Leveraging LangSmith for Advanced Evaluation in LangChain

Introduction

Evaluating the performance of AI-driven applications is critical for ensuring reliability, accuracy, and alignment with user expectations. LangChain, a powerful framework for building applications powered by language models, integrates seamlessly with LangSmith, a platform designed to enhance the development, evaluation, and monitoring of LangChain applications. LangSmith, accessible under the /langchain/evaluation/langsmith-evaluation path, provides advanced tools for dataset management, automated evaluation, and performance tracking, enabling developers to rigorously assess components like chains, agents, and retrievers. This comprehensive guide explores how to use LangSmith for evaluation in LangChain, covering setup, core features, best practices, practical applications, and advanced configurations, empowering developers to build high-performing AI systems.

To understand LangChain’s broader evaluation ecosystem, start with LangChain Evaluation Introduction.

What is LangSmith Evaluation?

LangSmith is a platform developed by the LangChain team to streamline the development, testing, and monitoring of language model applications.
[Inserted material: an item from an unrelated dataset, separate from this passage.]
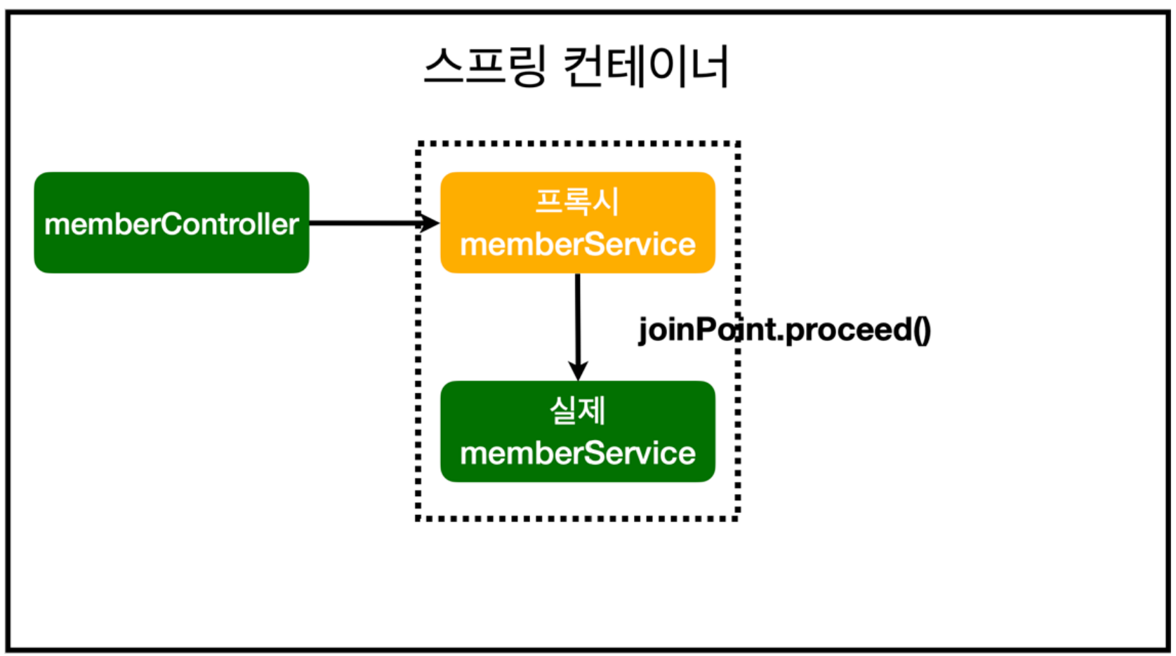 그리고 가짜 스프링 빈이 joinPoint.proceed()하면 그때 진짜 memberSerivce를 호출한다.

Its evaluation capabilities allow developers to assess the performance of LangChain components (e.g., chains, agents, retrievers) using curated datasets, automated metrics, and LLM-based judgments. LangSmith supports quantitative metrics (e.g., exact match, BLEU), qualitative assessments (e.g., relevance, coherence), and custom evaluators, providing detailed insights into output quality, tool usage, and task completion. By integrating with LangChain’s langsmith package, it enables scalable, reproducible evaluations, making it ideal for iterative development and production monitoring.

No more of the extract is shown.